This opens up the possibilities for “collaborative experimentation” as Sulaiman already suggested in another thread. (http://www.sciencemadness.org/talk/viewthread.php?tid=103836... https://www.sciencemadness.org/whisper/viewthread.php?tid=10...)
If someone prepared a promising candidate I would happily test it in my setup. I also have yet another ketone from a synthesis waiting for
purification in a flask.
Then there`s this reversibility issue. Is it a special proline feature or is it the same with primary amines as well? Is there a way to avoid reaction
hang-up? What is the exact cause of this?

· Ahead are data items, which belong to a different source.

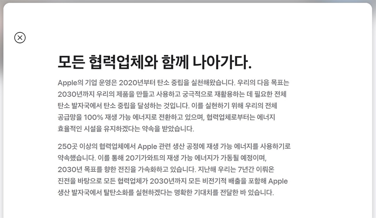 ÀÌ°É 0À¸·Î ¸¸µé°Ú´Ù´Â Àǹ̴ ¾ÖÇÃÀÌ ¹Ì±¹ ÄíÆÛƼ³ë º»»çÀÇ Àü±â¸¸ 100% ûÁ¤ ¿¡³ÊÁö¸¦ »ç¿ëÇϰí, ¾ÆÀÌÆù Á¦Á¶ °úÁ¤¿¡¼ ź¼Ò°¡ ¹ß»ýÇÏÁö ¾Êµµ·Ï Çϰڴٴ Â÷¿øÀ» ³Ñ¾î »ç¿ëµÇ´Â ¸ðµç ºÎǰµµ ź¼Ò¸¦ ¹ß»ý½ÃŰÁö ¾ÊÀº Á¦Ç°À¸·Î »ç¿ëÇϰڴٴ ÀǹÌÀÔ´Ï´Ù.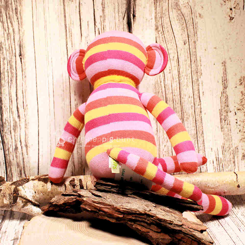 In jeder Bande gibt es diesen einen Typen, der immer die Ruhe bewahrt – das ist unser mittlerer Sockenaffe! Mit einer stolzen Größe von 40 cm ist er weder zu klein für große Umarmungen noch zu groß für den Kindergartenrucksack. Er bringt die gewohnte Farbenpracht in Rosa, Pink und Gelb direkt in dein Zuhause und wartet sehnsüchtig darauf, dein neuer bester Freund zu werden.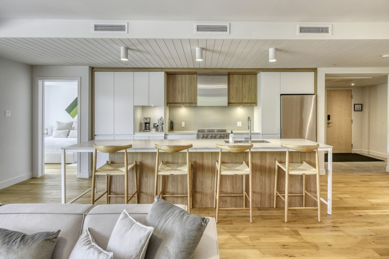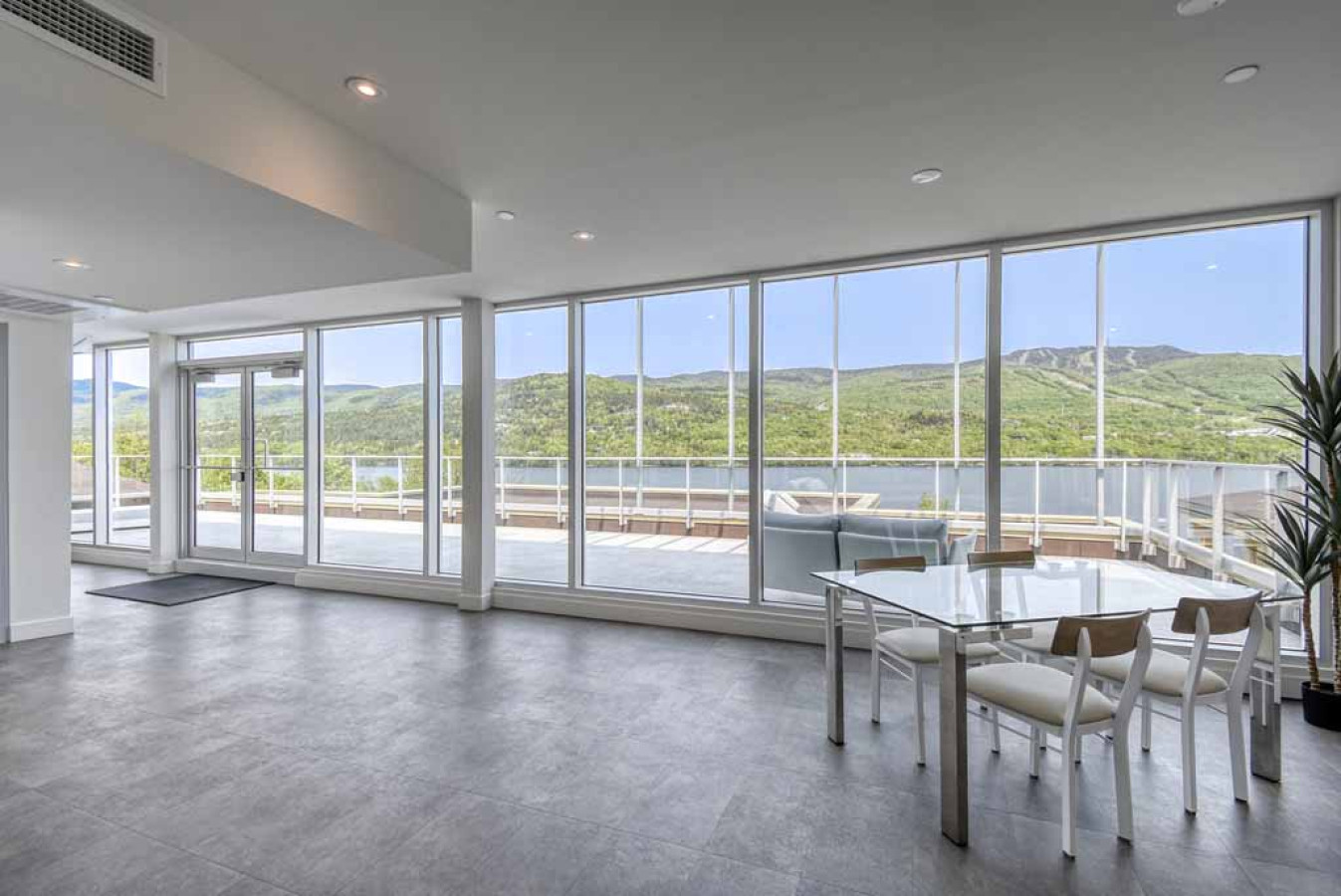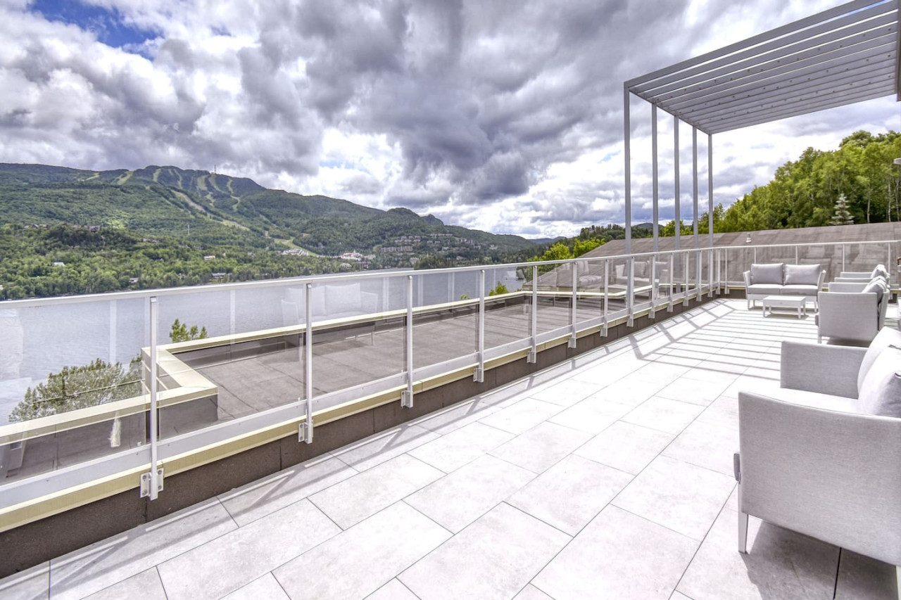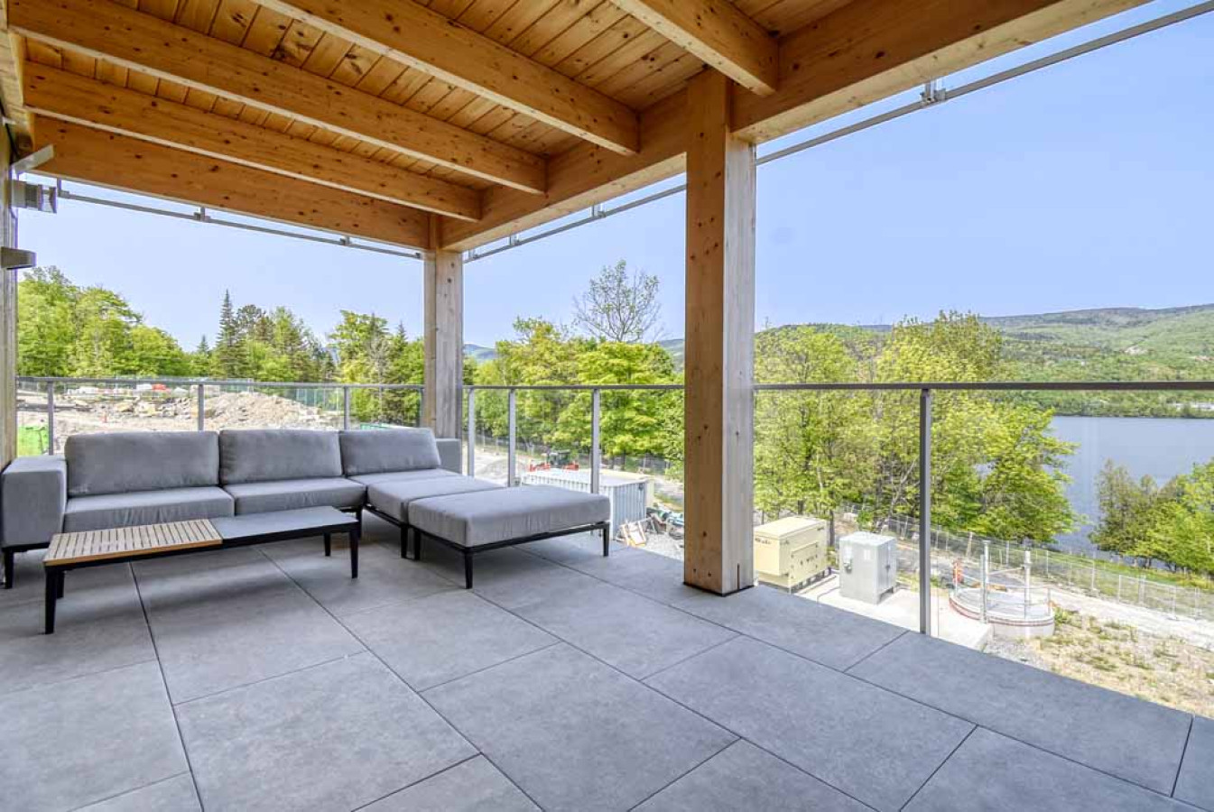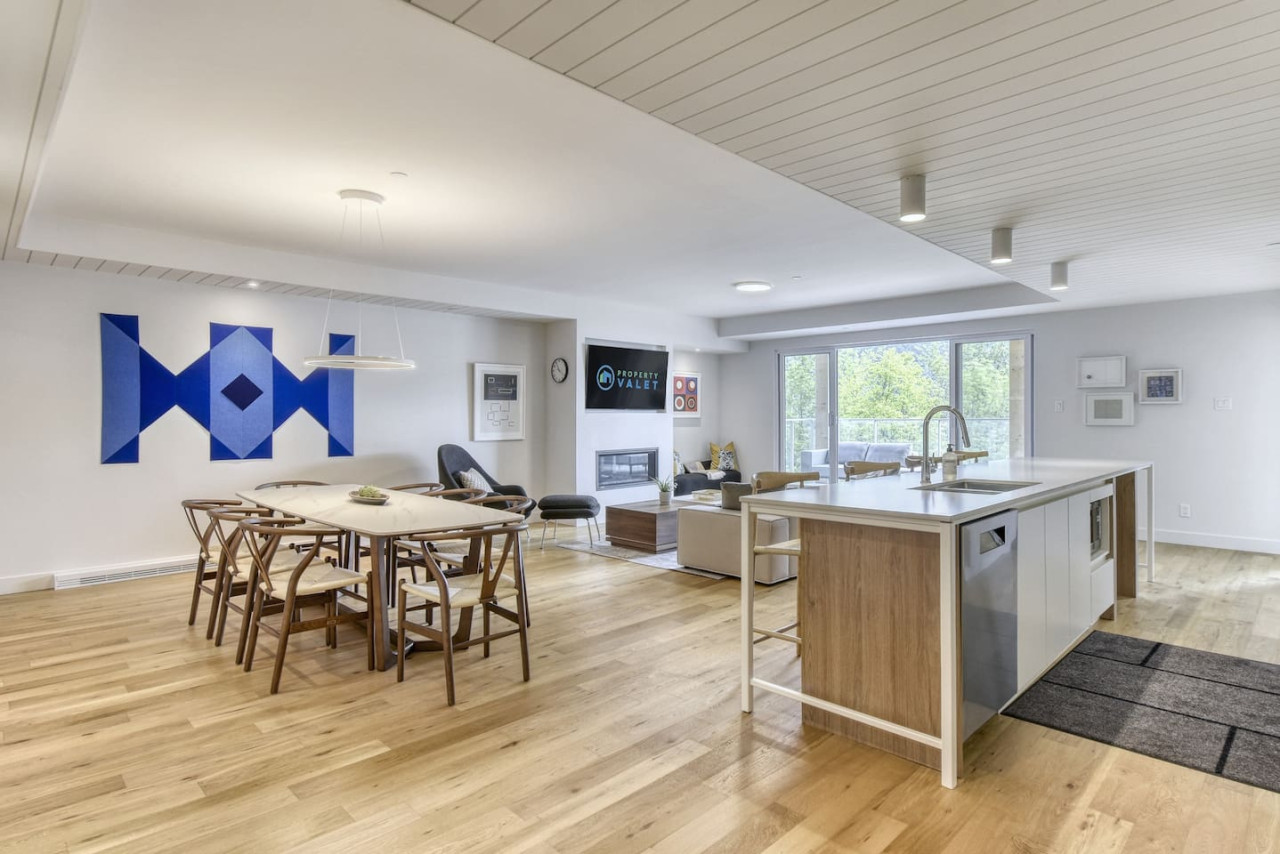 This condo embraces a minimalistic, clean, modern style while maintaining a practical, cozy and welcoming feel. The open concept living space features a comfortable sofa and chairs facing the gas fireplace and Smart TV, as well as an outdoor private balcony featuring breathtaking views of Lac Tremblant and the Ski Hill. The space is stocked with ample games for couples or families with children to enjoy together. No matter the weather or season, you’ll find an area to gather and relax in our lakeside home after a long day of skiing or exploring the area.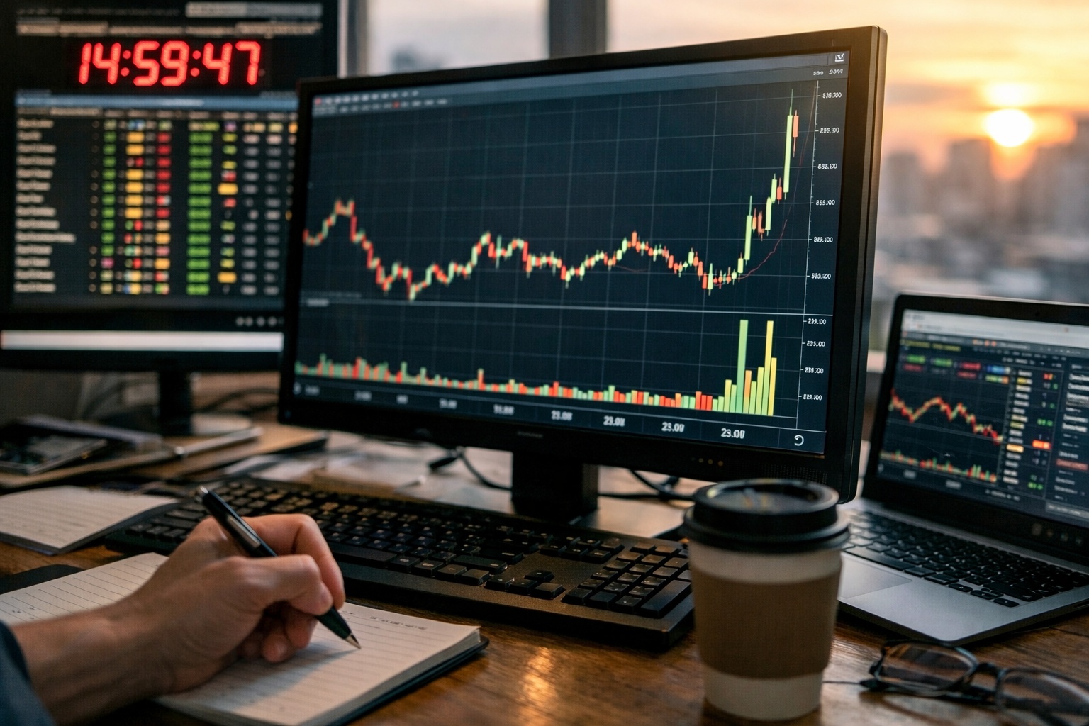 チャートは1分足または5分足、出来高はバーで見ます。最後の5分が膨らみ始めたら、歩み値で同サイズ連続・板の厚みの変化を確認。引け直前の乱高下ではなく、「大きな出来高なのに価格が崩れない」状態が理想です。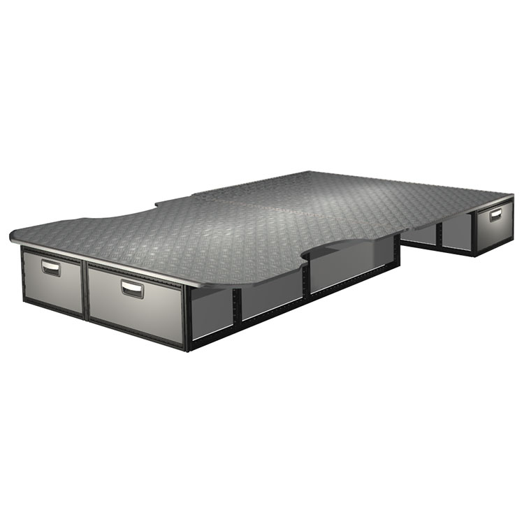 The kit is designed to be fitted on top of a Modul-Floor, utilizing the floor rails for a non-intrusive installation. The double floor is equipped with rails for easy installation of vehicle racking, and edging strips for a nice finish.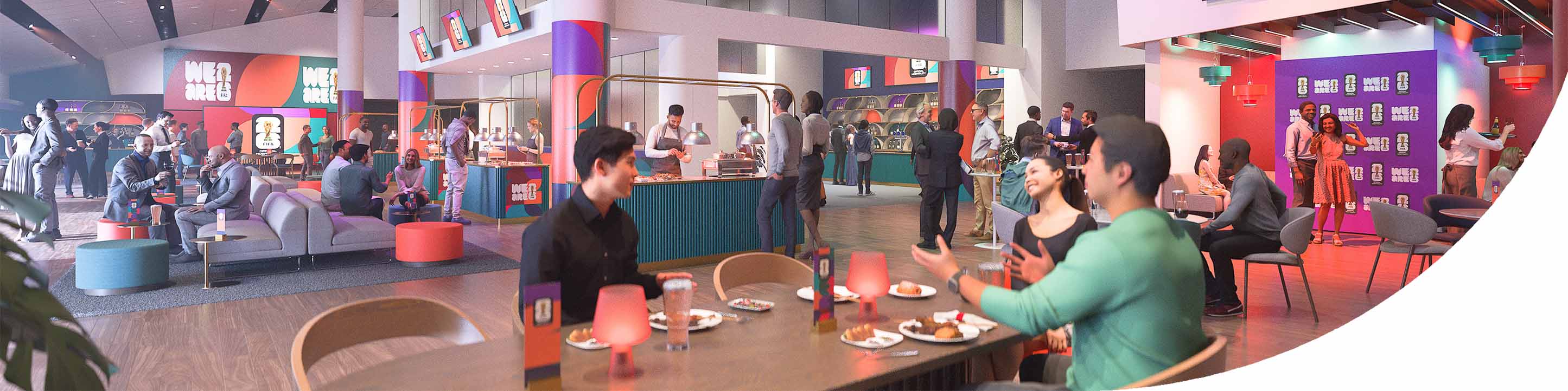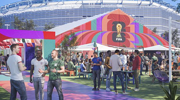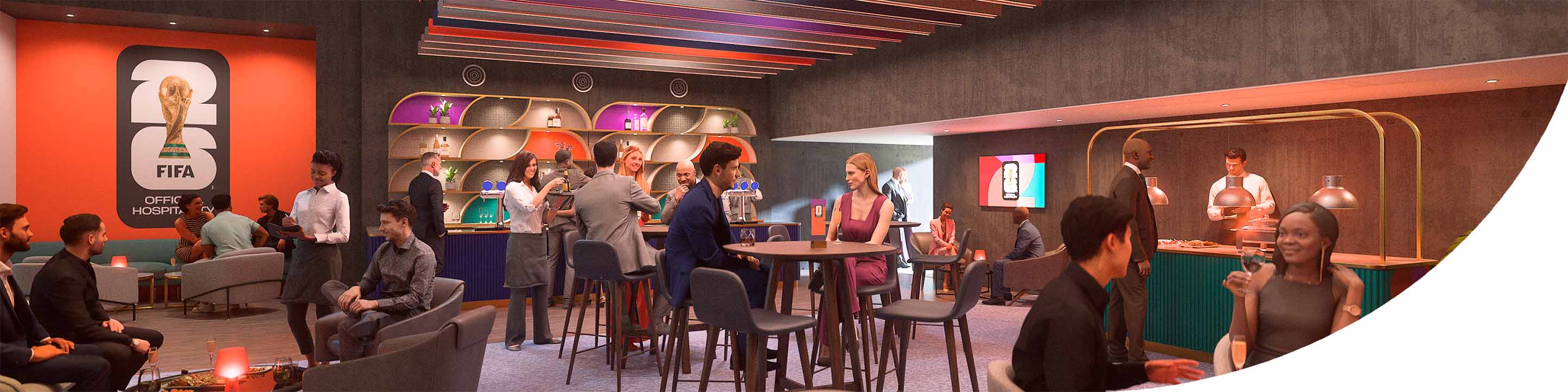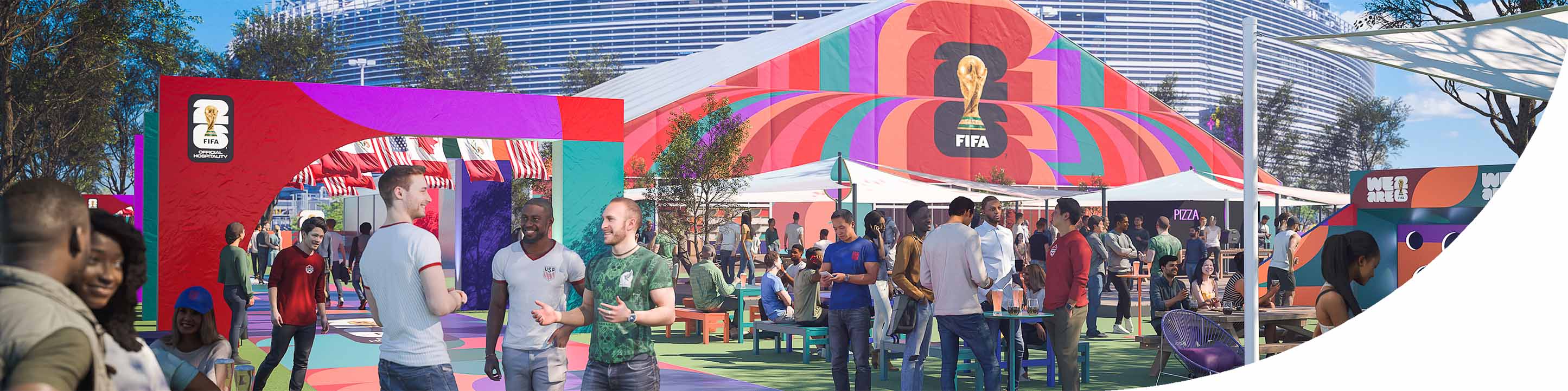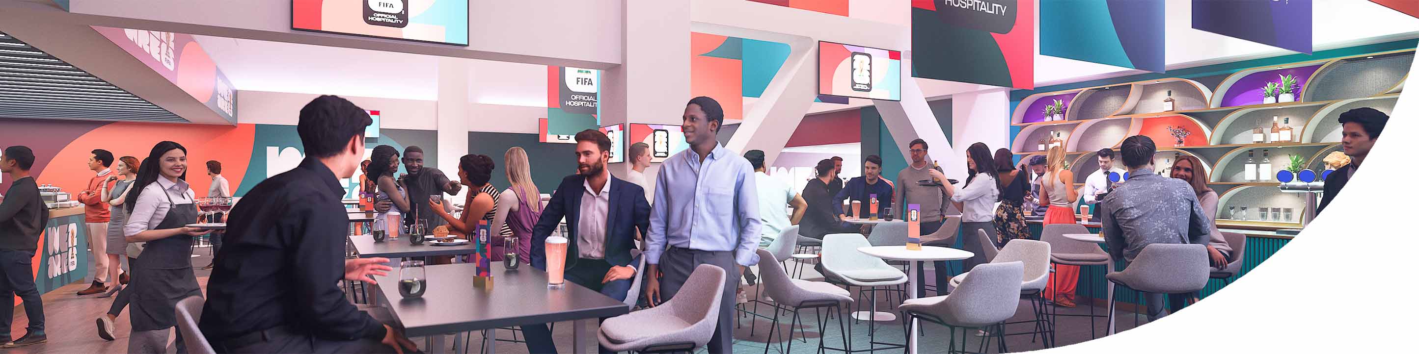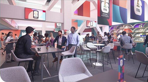 FIFAパビリオンへようこそ。スタジアムの象徴的な景色を背にした特別な空間で、安心・安全なエリアの中、試合の興奮がピッチの外まで広がります。

Readers probably would come up with other interesting ideas/questions too. I`m open to suggestions and would like to learn how the professionals would
approach this reaction!
Preparations
p-chloro-benzal-acetone
[7][8]
I measured 2.6 g (18.5 mmol) p-chloro-benzaldehyde and 4.0 g (69 mmol) acetone into a 50 ml Erlenmeyer flask. The aldehyde dissolved fully in the
aceton within 2 minutes. I also measured 23.0 ml 10% NaOH solution into a 50 ml beaker and with stirring turned on I poured this solution into the
aldehyde solution. Heating was turned on and temperature set to 100 Celsius. I put a reflux condenser onto the flask with circulating water as coolant
(water temp. was around 20 Celsius).
The reaction started quickly, at first white precipitate formed then its colour turned to sulfur yellow. During this time the contents of the flask
started to boil because the reaction is exothermic and the hotplate also quickly reached the set temperature. I was lucky and no overboil happened,
but more care would be needed next time.
I continued stirring and gently refluxing the mixture in the flask for an hour. At the end of the hour orange coloured oily droplets sank to the
bottom. I let the system cool for a few minutes, removed the condenser and removed the flask too. Then added a little dilute (8-10%) HCl solution to
the flask to neutralize most of the NaOH. This dilution/cooling caused the product to aggregate into small, yellow balls. The salt solution was
decanted, then I washed it again with tap water (20 ml) until the pH became close to 7. It required an additional heating/melting then re-cooling
cycle on the hotplate with stirring.
The product was not crystalline yet, it formed an amorphous mass with a nice yellow colour. Tried to recrystallize the mass from MeOH, but failed: the
solubility was too low. So I evaporated the methanol and let the sulfur yellow honey-like liquid to stand at room temp for 24 hours. By next day most
of the product crystallised and only a small part of the mass was still honey-like. It had a faint, cumin-like smell. I didn't check its melting point
because it was not a clean product and I didn't see the reason in recording/reporting a way off mp value. On the other hand for my evaluation purposes
I regarded that crystall mass suitable.
Benzoin
[9][10][11][12][13]
For the synthesis of benzoin I had to prepare some cyanide first. (I know thiamine could be used too but wanted to prepare some cyanide and it was a
good excuse for that.) It was in itself an interesting synthesis. Here's how it went:
I measured 6.500 g K4[Fe(CN)6]x3H2O into the bottom of a glass petri dish then heated it on a hotplate around 100
Celsius for 1-2 hours in order to remove the crystal water. After cooling the measered mass was 5.674 g.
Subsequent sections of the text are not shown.